**Extracted entries:**
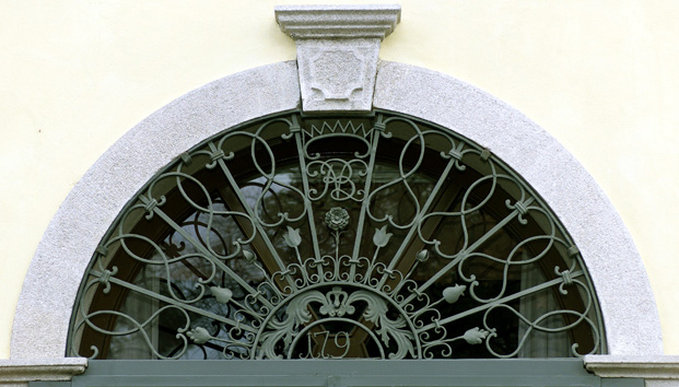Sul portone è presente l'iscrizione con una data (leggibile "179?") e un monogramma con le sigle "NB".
==
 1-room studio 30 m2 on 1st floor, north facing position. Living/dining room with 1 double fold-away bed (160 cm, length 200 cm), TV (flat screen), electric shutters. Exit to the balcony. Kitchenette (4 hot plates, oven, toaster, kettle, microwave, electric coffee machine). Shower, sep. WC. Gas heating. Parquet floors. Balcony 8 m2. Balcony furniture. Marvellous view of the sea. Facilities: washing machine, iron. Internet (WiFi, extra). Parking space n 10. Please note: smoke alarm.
* * *
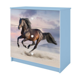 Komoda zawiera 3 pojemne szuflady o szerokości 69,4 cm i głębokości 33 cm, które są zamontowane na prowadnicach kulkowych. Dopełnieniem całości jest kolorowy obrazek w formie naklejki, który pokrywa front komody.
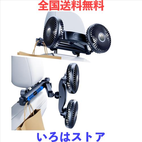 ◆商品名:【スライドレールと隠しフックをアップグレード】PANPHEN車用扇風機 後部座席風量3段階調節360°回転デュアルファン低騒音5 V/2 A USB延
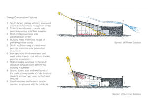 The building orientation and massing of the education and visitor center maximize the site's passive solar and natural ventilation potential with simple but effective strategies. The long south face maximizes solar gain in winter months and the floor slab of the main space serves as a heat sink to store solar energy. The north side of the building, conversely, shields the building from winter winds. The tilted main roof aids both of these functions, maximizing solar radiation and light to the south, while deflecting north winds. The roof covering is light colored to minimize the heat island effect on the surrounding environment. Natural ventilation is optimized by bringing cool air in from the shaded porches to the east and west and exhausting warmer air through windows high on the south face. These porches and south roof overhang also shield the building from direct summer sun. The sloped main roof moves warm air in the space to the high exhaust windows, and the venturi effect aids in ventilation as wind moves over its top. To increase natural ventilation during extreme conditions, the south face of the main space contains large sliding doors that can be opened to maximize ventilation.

**Task directions:** Above this task is a listing with pictures in it. Retype only the lines from the one containing "Komoda zawiera 3" through the one containing "後部座席風量3段階調節360°回転デュアルファン低騒音5 V/2 A USB延", both included, and not the pictures.

**Expected answer:**
 Komoda zawiera 3 pojemne szuflady o szerokości 69,4 cm i głębokości 33 cm, które są zamontowane na prowadnicach kulkowych. Dopełnieniem całości jest kolorowy obrazek w formie naklejki, który pokrywa front komody.
 ◆商品名:【スライドレールと隠しフックをアップグレード】PANPHEN車用扇風機 後部座席風量3段階調節360°回転デュアルファン低騒音5 V/2 A USB延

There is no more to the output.